Арья совсем была растеряна и не знала, что думать и чему верить, потому что по словам Сансы каким-то слишком уж нереальным выходил Джон, не человек, а чистое искушение. Ну или проклятие. Кому как больше нравится. Только вот Джон таким отродясь не был и Арья после некоторого размышления списала такие явные преувеличения на влюбленность и привычку сестры все излишне драматизировать и сгущать краски, что конечно же не отменяло того, что Санса совершенно растерзана, все с ней неладно и плохо и надо ее срочно спасать.
Заглянуть бы сейчас в глаза Джону и поинтересоваться как он мог оставить Сансу одну в таком плачевном состоянии, предварительно сам же и ввергнув ее в это самое состояние. Не умещалось у Арьи в голове как можно было поскакать радостно к своей ненаглядной королеве, когда здесь семья, которая в нем нуждается.
Конечно Арья молчала и вслух ничего при Сансе не говорила, дабы не усугублять лишний раз, но про себя ругала своего самого любимого брата самыми последними словами и злилась на него так, как не злилась даже на восставшую из преисподней, где ей самое место и было, королеву. С ней-то все понятно, она им чужая, она — противник, враг, с которым надо вести войну и победить любой ценой, а вот что делать с Джоном было решительно непонятно…
В таверне было тепло и пахло пряностями, которые добавляли в вино по случаю прохладной погоды. Еще пахло свежей выпечкой, горячим воском, сухими травами, что целыми гроздьями свисали с потолка.
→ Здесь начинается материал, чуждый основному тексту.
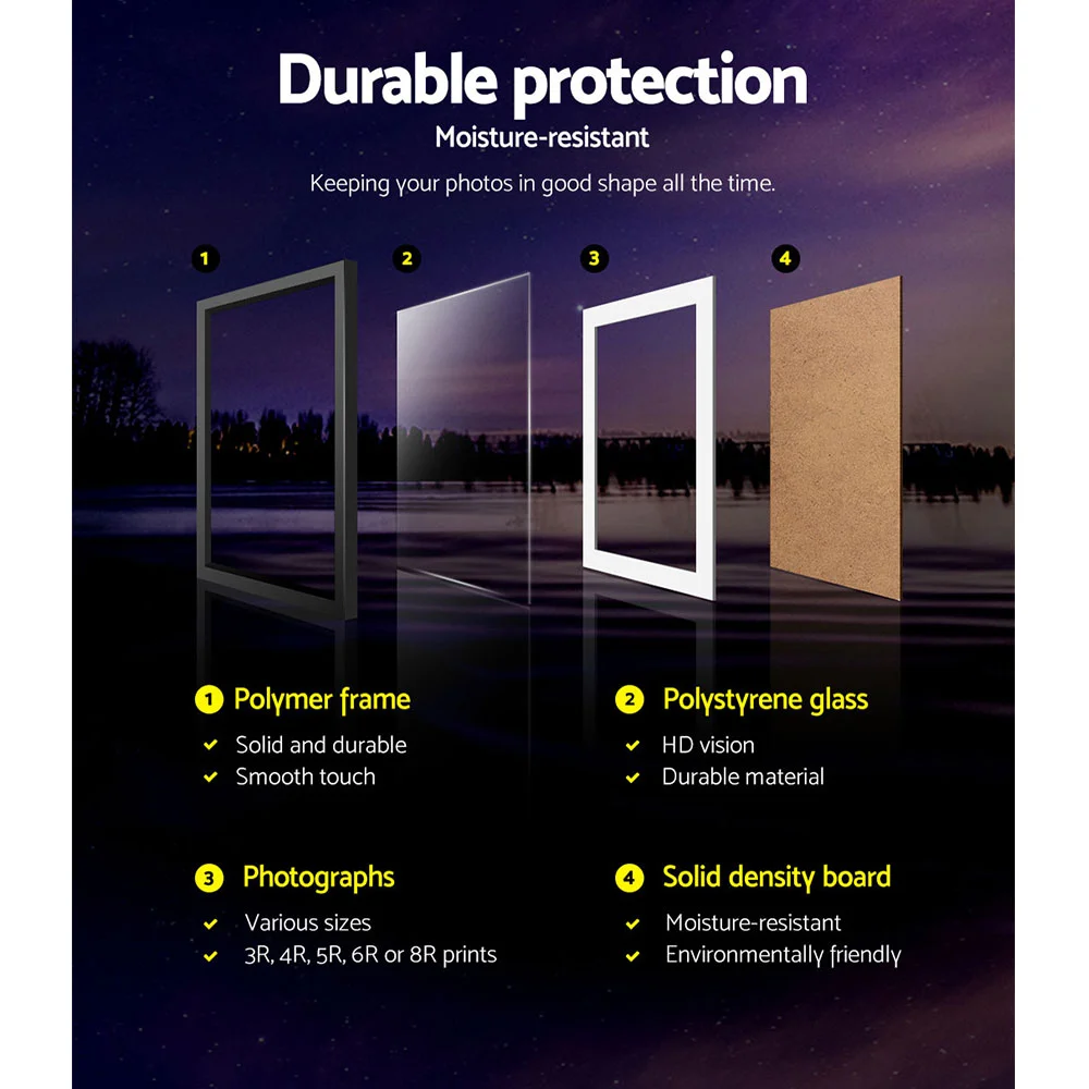 Capture the essence of your cherished memories with the Artiss Photo Frame Set. This comprehensive 30-piece collection is designed to showcase your favourite moments in a stunning display, transforming any wall into a gallery of personal stories. With frames suitable for a variety of sizes—from intimate 3R snapshots to striking 8R portraits—you can arrange them in portrait or landscape orientations to suit your style. Crafted from durable polymer with sleek black finishing and high transparency polystyrene glass, these frames protect your photos from moisture and damage. Complete with hanging accessories, this set is perfect for making your memories last a lifetime.

Час был поздний и народу почти не было. Какой-то человек в углу сидел над большой кружкой эля и высвистывал на побитой жизнью флейте заунывный, но довольно приятный мотивчик. Сам музицирующий был под стать своему инструменту — сильно немолод, с густой гривой темных спутанных волос, не сказать, что одет в лохмотья, но вся его немудреная одежка точно видала лучшие времена. И косой шрам от виска до подбородка, придающий лицу вид расколотой театральной маски. За столом музыкант пребывал не один, а в компании мрачного бородатого человека, облаченного, в необычный для такого места, темно-зеленый бархат. Бородач неспешно прихлебывал из кружки и что-то говорил своему приятелю, тот лишь изредка отвечал, почти не отрываясь от тихой своей флейты.
Еще была троица местных крестьян, что довольно мирно и относительно тихо обмывали какую-то мелкую сделку, весьма удачно между ними заключенную.
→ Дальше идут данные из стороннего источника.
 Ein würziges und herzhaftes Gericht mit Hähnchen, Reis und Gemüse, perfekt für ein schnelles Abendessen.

На хозяйском месте за высокой, сколоченной из грубых досок, стойкой восседала довольно миловидная женщина, в чьих руках негромко позвякивали спицы — пока не было других дел она что-то там вязала из неотбеленной шерсти неясного цвета.
Эта таверна была не самым лучшим заведением в Речных землях и Арья вполне могла бы выбрать местечко получше и почище, но зато здесь совершенно точно было вкусно и здесь был старый знакомец, с которым она была рада повидаться. Она с удовольствием уминала вкуснейший пирог с индейкой и грибами, до этого навернув миску восхитительного тыквенного супа, а еще ее ждали сладкие медовые булочки и крепкий эль пенился в кружке. В очаге потрескивал огонь, на столах теплились свечи, а вокруг плеч уютно обернулся, пусть и колючий, но такой теплый плед. А напротив сидел и довольно улыбался старый приятель ее прежних странствий. Со времени последней их встречи Пирожок прибавил малость в росте и заметно раздался вширь, повзрослел, возмужал и отпустил даже густую курчавую бороду. Появлению ее он жутко обрадовался, долго тряс ее руку, светясь улыбкой, после живо метнулся к хозяйке, что-то там на ухо ей шепнул, еще и бровями выразительно поиграл. Дальше Арья была подхвачена, усажена на самое лучшее место, укутана в плед, перед ней почти сразу же образовались тарелки и миски с едой, а Пирожок, явно довольный собой, уселся напротив, пристроил перед собой большую дымящуюся кружку и у них потекла сама собой беседа ни о чем и одновременно обо всем на свете. Они говорили о самых простых и незамысловатых вещах, Пирожок рассказывал о мирной и размеренной своей жизни, Арья выдала парочку историй о своем плавании, избегая иные темы, потому что уж Пирожку точно без надобности все эти битвы с мертвецами, игры в престолы и вернувшиеся из небытия королевы.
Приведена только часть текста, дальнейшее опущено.